I believe deeply in the existential importance of using AI to defend the United States and other democracies, and to defeat our autocratic adversaries.
Anthropic has therefore worked proactively to deploy our models to the Department of War and the intelligence community. We were the first frontier AI company to deploy our models in the US government’s classified networks, the first to deploy them at the National Laboratories, and the first to provide custom models for national security customers. Claude is extensively deployed across the Department of War and other national security agencies for mission-critical applications, such as intelligence analysis, modeling and simulation, operational planning, cyber operations, and more.
Anthropic has also acted to defend America’s lead in AI, even when it is against the company’s short-term interest. We chose to forgo several hundred million dollars in revenue to cut off the use of Claude by firms linked to the Chinese Communist Party (some of whom have been designated by the Department of War as Chinese Military Companies), shut down CCP-sponsored cyberattacks that attempted to abuse Claude, and have advocated for strong export controls on chips to ensure a democratic advantage.
Anthropic understands that the Department of War, not private companies, makes military decisions. We have never raised objections to particular military operations nor attempted to limit use of our technology in an ad hoc manner.

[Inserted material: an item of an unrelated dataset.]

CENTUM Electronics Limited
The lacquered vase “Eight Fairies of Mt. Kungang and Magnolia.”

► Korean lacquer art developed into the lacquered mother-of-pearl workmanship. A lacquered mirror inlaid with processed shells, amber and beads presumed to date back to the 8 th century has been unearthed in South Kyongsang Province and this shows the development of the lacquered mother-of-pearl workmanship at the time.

However, in a narrow set of cases, we believe AI can undermine, rather than defend, democratic values. Some uses are also simply outside the bounds of what today’s technology can safely and reliably do. Two such use cases have never been included in our contracts with the Department of War, and we believe they should not be included now:
Mass domestic surveillance. We support the use of AI for lawful foreign intelligence and counterintelligence missions. But using these systems for mass domestic surveillance is incompatible with democratic values. AI-driven mass surveillance presents serious, novel risks to our fundamental liberties. To the extent that such surveillance is currently legal, this is only because the law has not yet caught up with the rapidly growing capabilities of AI. For example, under current law, the government can purchase detailed records of Americans’ movements, web browsing, and associations from public sources without obtaining a warrant, a practice the Intelligence Community has acknowledged raises privacy concerns and that has generated bipartisan opposition in Congress. Powerful AI makes it possible to assemble this scattered, individually innocuous data into a comprehensive picture of any person’s life—automatically and at massive scale.

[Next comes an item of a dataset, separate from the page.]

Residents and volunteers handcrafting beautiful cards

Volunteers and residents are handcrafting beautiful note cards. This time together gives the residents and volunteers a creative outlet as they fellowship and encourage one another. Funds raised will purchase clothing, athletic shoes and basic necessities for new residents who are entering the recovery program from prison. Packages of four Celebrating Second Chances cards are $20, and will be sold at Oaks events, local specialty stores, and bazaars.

Fully autonomous weapons. Partially autonomous weapons, like those used today in Ukraine, are vital to the defense of democracy. Even fully autonomous weapons (those that take humans out of the loop entirely and automate selecting and engaging targets) may prove critical for our national defense. But today, frontier AI systems are simply not reliable enough to power fully autonomous weapons. We will not knowingly provide a product that puts America’s warfighters and civilians at risk. We have offered to work directly with the Department of War on R&D to improve the reliability of these systems, but they have not accepted this offer. In addition, without proper oversight, fully autonomous weapons cannot be relied upon to exercise the critical judgment that our highly trained, professional troops exhibit every day. They need to be deployed with proper guardrails, which don’t exist today.
To our knowledge, these two exceptions have not been a barrier to accelerating the adoption and use of our models within our armed forces to date.

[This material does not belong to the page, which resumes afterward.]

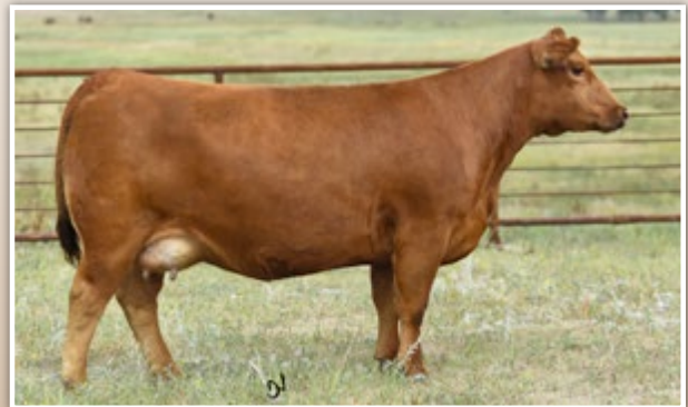
CDI 80Z • PATERNAL GRANDDAM OF LOTS 60-62

The Department of War has stated they will only contract with AI companies who accede to “any lawful use” and remove safeguards in the cases mentioned above. They have threatened to remove us from their systems if we maintain these safeguards; they have also threatened to designate us a “supply chain risk”—a label reserved for US adversaries, never before applied to an American company—and to invoke the Defense Production Act to force the safeguards’ removal. These latter two threats are inherently contradictory: one labels us a security risk; the other labels Claude as essential to national security.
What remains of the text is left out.